### DATA BELOW
BEGIN
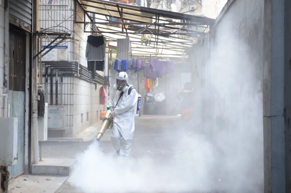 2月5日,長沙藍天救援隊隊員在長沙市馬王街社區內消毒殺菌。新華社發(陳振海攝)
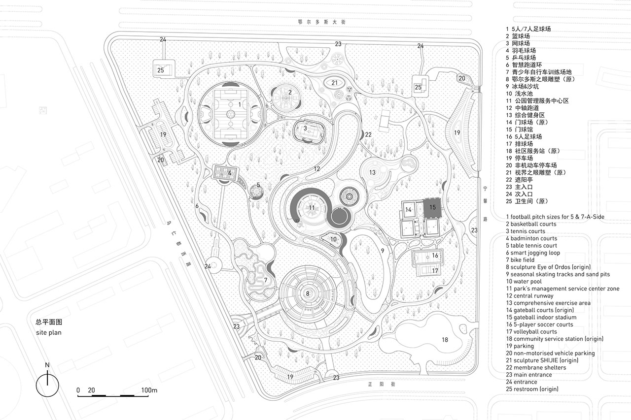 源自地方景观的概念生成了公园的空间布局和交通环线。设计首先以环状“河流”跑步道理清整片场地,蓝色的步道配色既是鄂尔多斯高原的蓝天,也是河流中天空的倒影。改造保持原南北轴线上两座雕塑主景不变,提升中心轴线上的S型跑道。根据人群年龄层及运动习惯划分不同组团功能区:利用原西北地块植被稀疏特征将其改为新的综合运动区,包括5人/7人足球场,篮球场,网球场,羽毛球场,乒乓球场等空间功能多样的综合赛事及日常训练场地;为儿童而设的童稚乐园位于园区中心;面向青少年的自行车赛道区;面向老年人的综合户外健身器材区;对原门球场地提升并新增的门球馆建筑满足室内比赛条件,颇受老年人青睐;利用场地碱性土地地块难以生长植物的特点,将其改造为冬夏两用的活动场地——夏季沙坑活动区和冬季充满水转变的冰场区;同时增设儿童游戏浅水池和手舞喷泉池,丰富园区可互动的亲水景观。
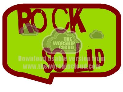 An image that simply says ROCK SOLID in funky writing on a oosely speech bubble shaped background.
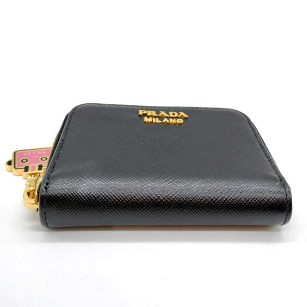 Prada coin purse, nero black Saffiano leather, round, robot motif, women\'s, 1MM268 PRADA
END
### EXERCISE GOAL
Starting at the line with "An image that", transcribe the listing above exactly through its last line. No picture belongs in the transcription.

### TASK OUTPUT
 An image that simply says ROCK SOLID in funky writing on a oosely speech bubble shaped background.
 Prada coin purse, nero black Saffiano leather, round, robot motif, women\'s, 1MM268 PRADA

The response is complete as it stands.